In my effort to cut through the noise and achieve clarity, here are three things you need to know about term life insurance.
- The “term” is mostly about the premium. You may know that when buying term life insurance, you can choose terms of 10 years, 20 years or 30 years, or you can buy an annual renewable policy. What you may not know though is that the term does not define the length of the policy. Instead, it merely determines how long the premiums (your cost) are guaranteed to remain level. Here’s why that’s important.
Like it or not, the older you get, the more likely you are to die. For life insurance companies, this means the older you get, the more likely it is they’ll have to pay out money to your beneficiaries. In other words, they’re taking on more risk. To offset the cost of this increased risk, the insurance company generally increases your premiums each year if you haven’t locked them in for a certain period. This is why your premiums will often increase when your initial term expires. At that point, you’ll be 10, 20 or 30 years older, so the increase could be substantial.
For example, a healthy 25-year-old might be able to purchase a $250,000 policy with a 20-year term for $15 per month. During the first 20 years, the premium would remain the same. But at the end of the 20-year term, when the policyholder is 45, the premium might increase to $30 per month. This amount would then likely increase every year thereafter.
- It’s relatively cheap during the initial term. As illustrated in the previous example, if you’re young and healthy, you can typically get hundreds of thousands of dollars of coverage to protect your family at premiums that amount to pocket change each day. With some products, low cost can mean low quality. But that’s not the case with term life insurance. If you compare the daily cost of protecting your family to the daily cost of some of your other expenses, you might find yourself wondering why anybody would ever forgo this valuable coverage.
- Most people won’t keep it forever.
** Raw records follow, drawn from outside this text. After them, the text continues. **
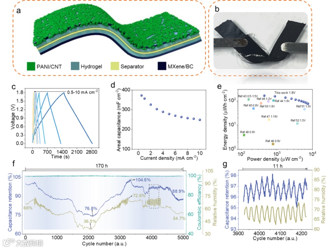 图3 (a)全面SC的示意图;(b)扭曲状态下的全方位SC数码照片;(c)不同电流密度下全方位SC的GCD曲线;(d)全方位SC的面电容;(e)全方位SC的Ragone图;(f)在记录湿度的开放条件下循环时,全能SC的电容保持率和库仑效率。(g)图3f中虚线框表示的3925 - 4225个周期。
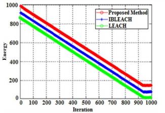 At Round 1000, LEACH has the lowest energy level of about 15 Jules. The energy level of IBLEACH is approximately equal to 82 Jules. On the other hand, the proposed method has the highest energy level of 154 Jules. This result is concluded alongside the FND and HND criteria, indicating that our proposed method is 927% higher than LEACH and about 88% higher than IBLEACH.
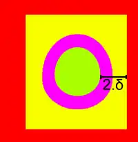 Considérons la fonction de K dans R+, qui à x associe la distance entre x et cΩ. C'est une fonction continue, définie sur un compact, elle atteint sa borne inférieure. Si cette borne inférieure était nulle, elle serait atteinte en un point x adhérent à K et à cΩ. Comme ces deux ensembles sont fermés, x serait élément de K et de cΩ. Par définition de Ω, un tel point ne peut exister et la borne inférieure est strictement positive. Soit δ un réel strictement positif tel que 2.δ soit plus petit que cette borne inférieure (illustré sur la figure de gauche). On considère alors l'ensemble V, illustré en violet sur la figure de gauche, des points de E situés à une distance inférieure ou égale à δ de K. Par construction, tout point de cΩ est à une distance au moins égale à δ de V et toute boule de centre un point de K et de rayon δ est incluse dans l'ensemble V.
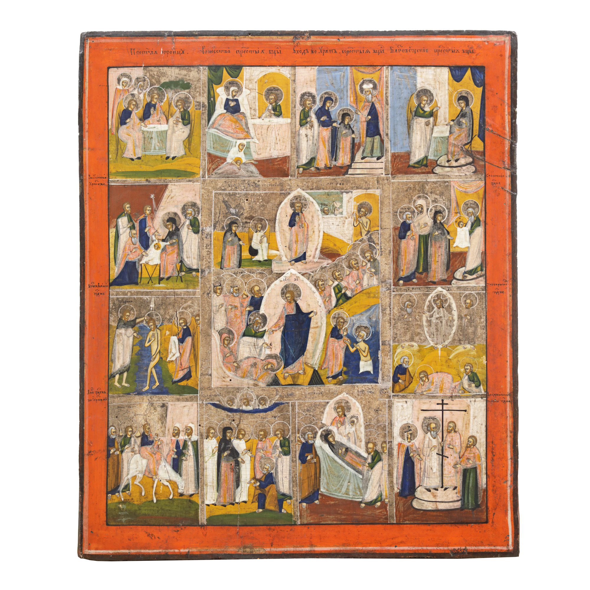 146. Icoană prăznicar pe lemn, "Învierea Domnului și 12 scene”, școală rusească, sfârșitul sec. XVIII - începutul sec. XIX
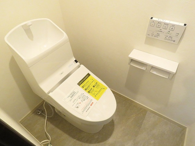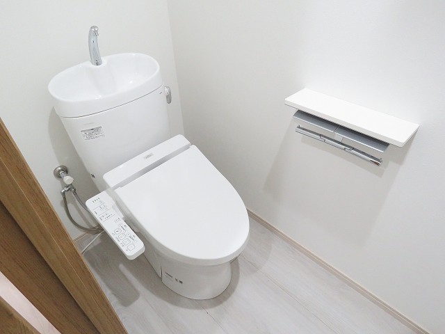 洗浄便座付き。TOTO製のウォシュレットです。トイレットペーパーなどのストックに便利な吊戸棚も付いていますよ。
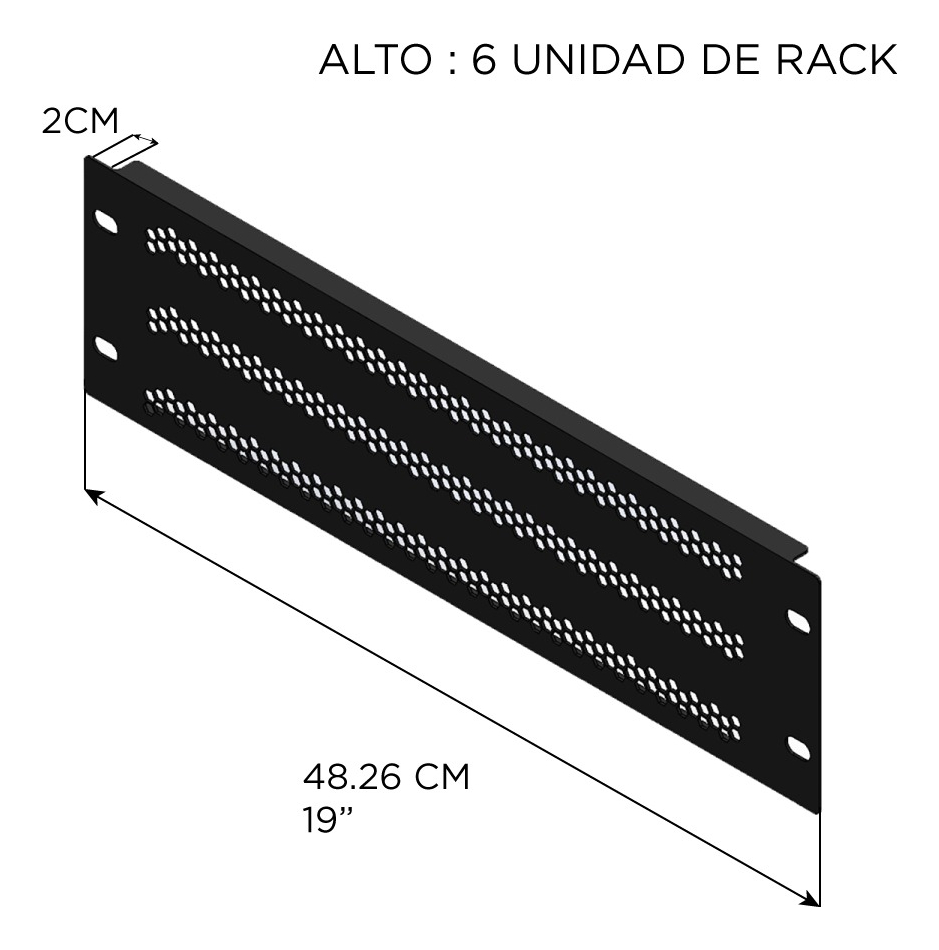 TIPO DE PRODUCTO: CHAPA / PANEL PARA RACK NORMALIZADO 19″TIPO: VENTILACION MATERIAL ACEROCOLOR NEGROALTURA 6 UANCHO: 19 “ESPESOR: 1.5 MM
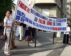 L’après midi du 27 avril 2007, les pratiquants de Falun Gong ont tenu une activité à l’extérieur de l’ambassade chinoise à Paris afin de commémorer le huitième anniversaire de l’appel du 25 avril. Les pratiquants de Paris ont manifesté contre les huit ans de persécution brutale du Falun Gong par le Parti communiste chinois (PCC) et particulièrement l’atroce collecte d’organes sur des pratiquants de Falun Gong de leur vivant. Entre temps, ils ont fermement demandé la libération de Ma Jian, pratiquant de Falun Gong et manager pour la Chine et l'Asie du nord de PCM une entreprise française. Ma Jian a été enlevé, battu par la police et emprisonné dans un camp de travail pour deux ans et demi.
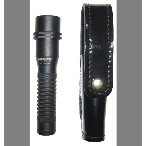 Covered flashlight holder w/ anti-activation taper fits: Streamlight Strion LED. 100% US genuine leather sewn with the weltless corner stitch. Fits belts 2 1/4 or smaller. DOT brand fasteners.
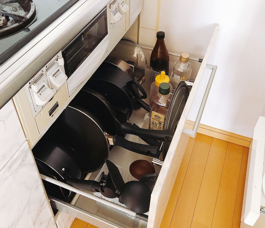 調理中のラクさを優先するなら、お玉やフライ返し、フライパンなどをかけて収納したり、調味料を出しておいたりするのも1つの方法。
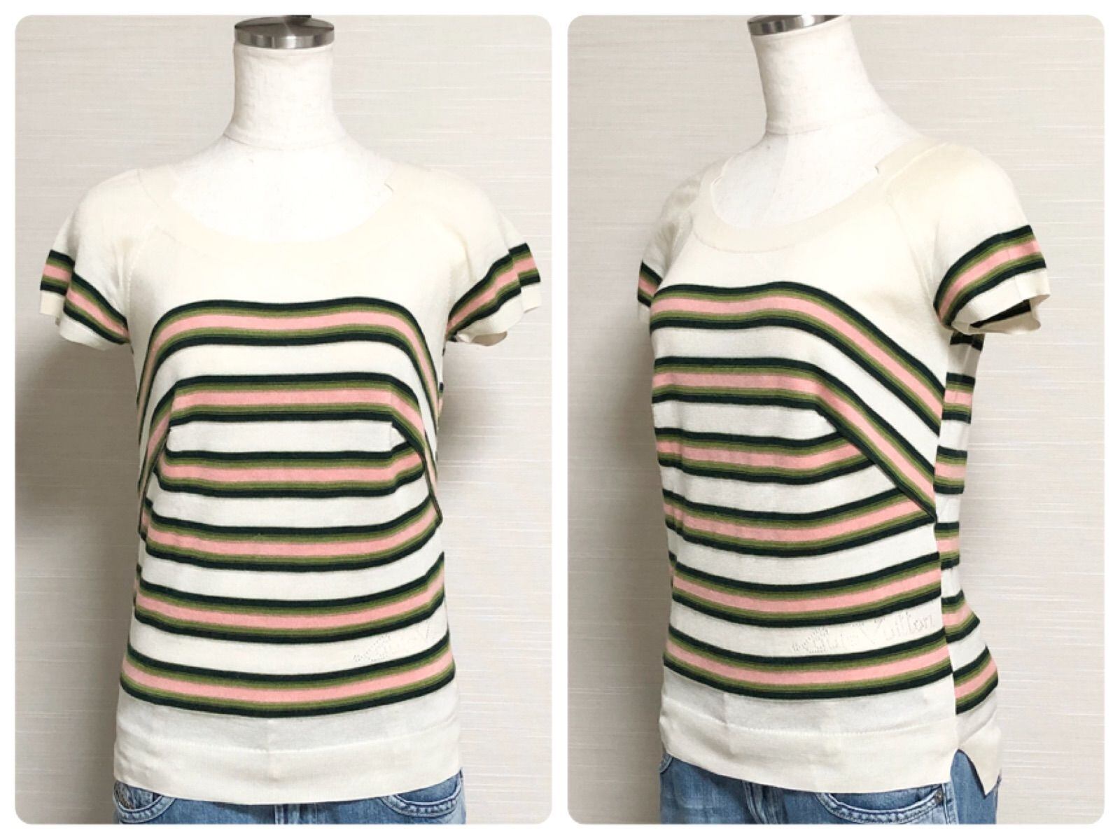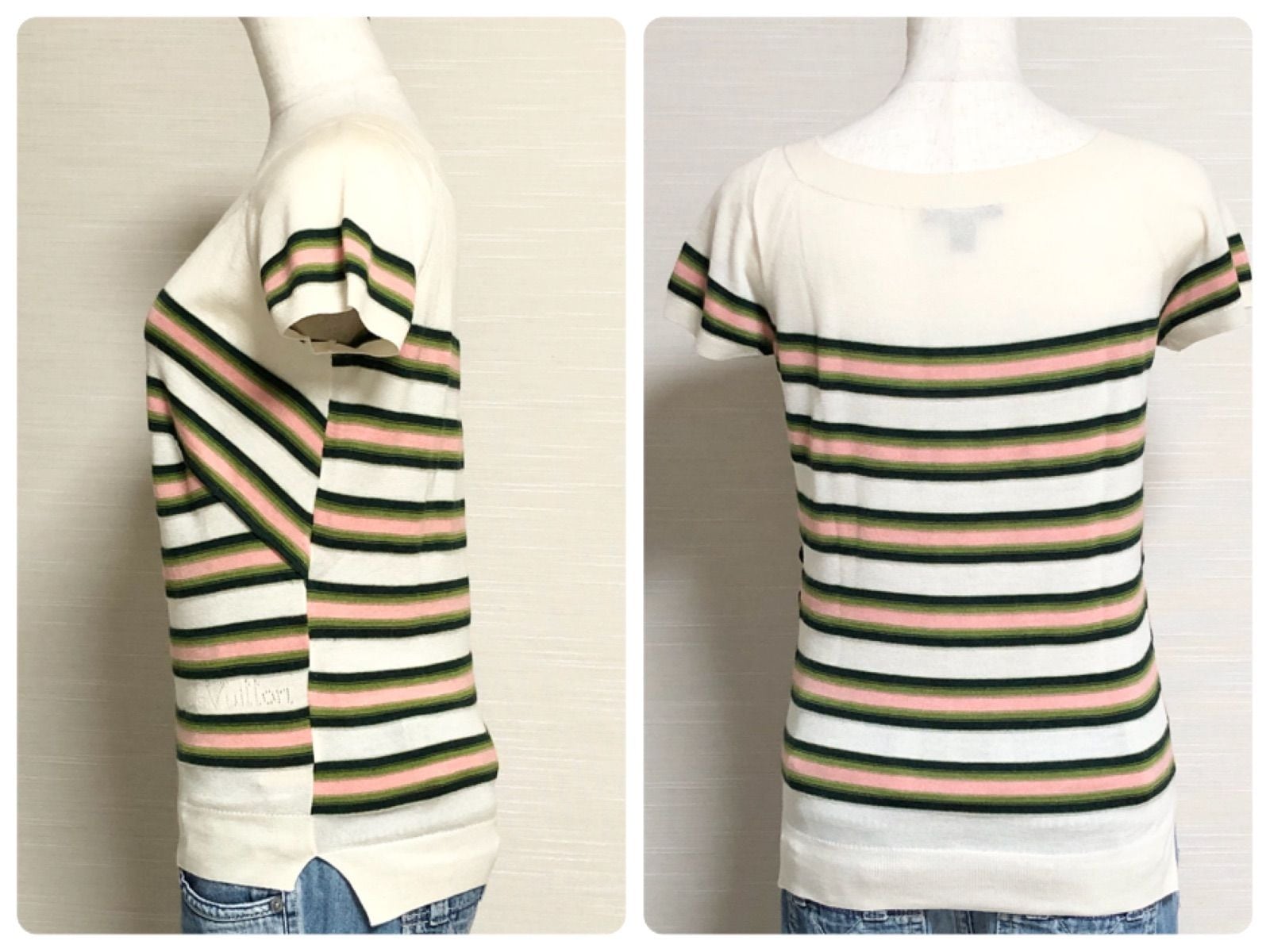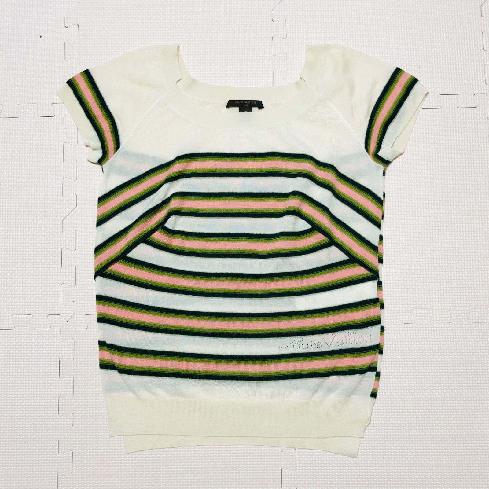 ■美品■希少カシミヤ■2011年コレクションモデル■LOUIS VUITTON ルイヴィトン サマーニット 半袖 ボーダー パンチングロゴ sizeS イタリア製 アイボリー×ピンク×グリーン シルク混カシミヤ製

Because term life insurance premiums will often skyrocket after the initial term expires, many people will purchase it with no intention of keeping it beyond the initial term. This is why term insurance is often viewed as “temporary” protection. You buy it to cover needs that will eventually go away. Mortgages will be paid off, kids will grow up and go to college, and your retirement nest egg will eventually support you and your spouse (hopefully). If you need or want coverage for your whole life, term insurance probably isn’t the ideal product. In this case, a more costly cash value policy would likely be a better fit.
If you’re responsible for another person’s financial well-being or even their day-to-day care, you want to protect them with life insurance to ease their burden if you die. And if you want to provide that protection for a certain period of time at a relatively low cost, term life insurance could be just what you need.